Unnamed: 0,description,word_count,unique_word_count,avg_word_length
0,A car moving on the left lane of the road is t...,71,43,3.929577


In [128]:
# Maximum TF-IDF value of each feature across all documents
max_tfidf = tfidf_df.max(axis=0)

# Select features with TF-IDF >= 0.1
selected_features = max_tfidf[max_tfidf >= 0.1].index

# Reduced TF-IDF dataframe
tfidf_selected = tfidf_df[selected_features]

tfidf_selected.head()

Unnamed: 0,and,at,bike,biker,crossing,is,lane,may,of,on,right,road,the
0,0.125,0.1875,0.125,0.125,0.125,0.125,0.125,0.125,0.125,0.1875,0.125,0.125,0.8125


In [129]:
# Save the DataFrame to a CSV file 

tfidf_selected.to_csv('Features_final.csv') 

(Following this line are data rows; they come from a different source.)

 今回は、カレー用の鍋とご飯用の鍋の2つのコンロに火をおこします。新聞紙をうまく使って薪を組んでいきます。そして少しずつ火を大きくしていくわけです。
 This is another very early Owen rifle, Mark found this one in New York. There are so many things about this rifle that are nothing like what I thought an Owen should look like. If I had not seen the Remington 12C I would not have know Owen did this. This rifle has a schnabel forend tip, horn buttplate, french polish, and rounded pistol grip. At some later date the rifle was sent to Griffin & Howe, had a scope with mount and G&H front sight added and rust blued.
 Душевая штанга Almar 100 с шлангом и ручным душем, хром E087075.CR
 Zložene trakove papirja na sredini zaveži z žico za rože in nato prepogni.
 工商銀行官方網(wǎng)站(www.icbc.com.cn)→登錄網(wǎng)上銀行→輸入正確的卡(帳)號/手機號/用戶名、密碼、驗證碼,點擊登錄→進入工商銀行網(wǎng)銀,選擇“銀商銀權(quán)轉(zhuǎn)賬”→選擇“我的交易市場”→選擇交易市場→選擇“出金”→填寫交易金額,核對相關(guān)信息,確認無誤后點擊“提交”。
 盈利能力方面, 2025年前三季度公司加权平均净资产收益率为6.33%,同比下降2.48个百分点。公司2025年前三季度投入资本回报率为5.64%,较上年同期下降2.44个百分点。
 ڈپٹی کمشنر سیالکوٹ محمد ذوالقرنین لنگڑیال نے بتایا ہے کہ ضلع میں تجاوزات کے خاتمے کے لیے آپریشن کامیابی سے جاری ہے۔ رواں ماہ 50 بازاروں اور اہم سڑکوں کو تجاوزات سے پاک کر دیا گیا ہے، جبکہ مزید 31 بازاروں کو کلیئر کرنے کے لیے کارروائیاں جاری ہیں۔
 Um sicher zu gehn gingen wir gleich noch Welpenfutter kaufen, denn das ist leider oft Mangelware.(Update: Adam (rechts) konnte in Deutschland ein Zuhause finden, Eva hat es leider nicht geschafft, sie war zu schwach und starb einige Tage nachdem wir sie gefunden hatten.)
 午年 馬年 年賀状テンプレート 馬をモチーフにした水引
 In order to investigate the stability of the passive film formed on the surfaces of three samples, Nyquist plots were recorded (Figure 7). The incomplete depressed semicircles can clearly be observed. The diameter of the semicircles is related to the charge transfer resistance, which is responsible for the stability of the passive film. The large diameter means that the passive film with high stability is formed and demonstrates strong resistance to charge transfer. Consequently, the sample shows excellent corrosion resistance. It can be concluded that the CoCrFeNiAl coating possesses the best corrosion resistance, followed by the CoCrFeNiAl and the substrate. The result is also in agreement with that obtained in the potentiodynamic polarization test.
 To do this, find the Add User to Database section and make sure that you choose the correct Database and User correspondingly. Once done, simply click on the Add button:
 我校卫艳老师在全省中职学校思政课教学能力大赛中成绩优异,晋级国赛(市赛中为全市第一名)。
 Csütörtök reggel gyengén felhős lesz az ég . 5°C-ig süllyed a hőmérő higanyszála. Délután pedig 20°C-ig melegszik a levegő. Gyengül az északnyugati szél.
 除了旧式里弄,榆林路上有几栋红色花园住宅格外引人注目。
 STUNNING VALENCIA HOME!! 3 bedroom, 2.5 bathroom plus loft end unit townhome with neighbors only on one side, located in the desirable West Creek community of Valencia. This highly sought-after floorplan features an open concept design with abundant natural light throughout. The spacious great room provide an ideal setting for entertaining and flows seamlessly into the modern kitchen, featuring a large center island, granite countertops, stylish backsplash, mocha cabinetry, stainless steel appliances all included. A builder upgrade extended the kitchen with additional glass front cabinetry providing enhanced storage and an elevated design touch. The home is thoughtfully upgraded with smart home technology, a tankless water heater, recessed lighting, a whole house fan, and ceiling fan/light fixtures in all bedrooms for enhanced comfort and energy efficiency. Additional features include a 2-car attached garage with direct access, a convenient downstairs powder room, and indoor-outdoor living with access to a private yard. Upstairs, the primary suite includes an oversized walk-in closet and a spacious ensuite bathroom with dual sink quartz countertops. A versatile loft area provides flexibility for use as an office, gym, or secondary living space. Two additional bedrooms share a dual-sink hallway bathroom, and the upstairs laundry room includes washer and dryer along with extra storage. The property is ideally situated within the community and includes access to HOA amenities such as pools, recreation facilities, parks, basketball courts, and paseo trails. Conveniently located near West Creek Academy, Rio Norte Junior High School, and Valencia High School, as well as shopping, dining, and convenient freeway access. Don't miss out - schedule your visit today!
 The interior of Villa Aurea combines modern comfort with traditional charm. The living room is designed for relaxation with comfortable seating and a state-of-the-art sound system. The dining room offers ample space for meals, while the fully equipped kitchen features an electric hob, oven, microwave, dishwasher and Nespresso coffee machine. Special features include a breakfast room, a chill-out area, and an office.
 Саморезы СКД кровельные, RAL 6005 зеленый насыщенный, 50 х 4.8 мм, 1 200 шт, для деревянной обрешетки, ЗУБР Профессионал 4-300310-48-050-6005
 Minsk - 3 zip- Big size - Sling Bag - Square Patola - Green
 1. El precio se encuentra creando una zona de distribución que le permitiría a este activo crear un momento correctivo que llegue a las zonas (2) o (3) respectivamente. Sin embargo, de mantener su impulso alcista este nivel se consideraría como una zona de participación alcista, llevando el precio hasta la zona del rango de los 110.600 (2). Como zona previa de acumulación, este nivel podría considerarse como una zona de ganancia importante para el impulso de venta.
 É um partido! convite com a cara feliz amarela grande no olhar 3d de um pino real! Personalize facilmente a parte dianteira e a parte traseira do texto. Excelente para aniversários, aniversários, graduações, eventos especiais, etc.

### Next Model building (Do-it-Yourself)
   ### *Each selected feature becomes a predictor variable.*


## Conclusion

This code demonstrates a **complete text data analytics preprocessing pipeline**
for **safety-related text data**, which can be directly extended to modelling such as:
- Topic modeling (LDA / NMF)
- Accident severity classification
- Safety risk analysis
- NLP-based safety analytics
- Document cluster based on the selected features


# Problem statement and to do

1. For the given safety text data in the Excel spreadsheet shared on **Moodle**, apply all the above-discussed text data preprocessing steps.
2. Develop a **tf-idf** vector matrix.
3. Select important features and decide on your **own decision rule**.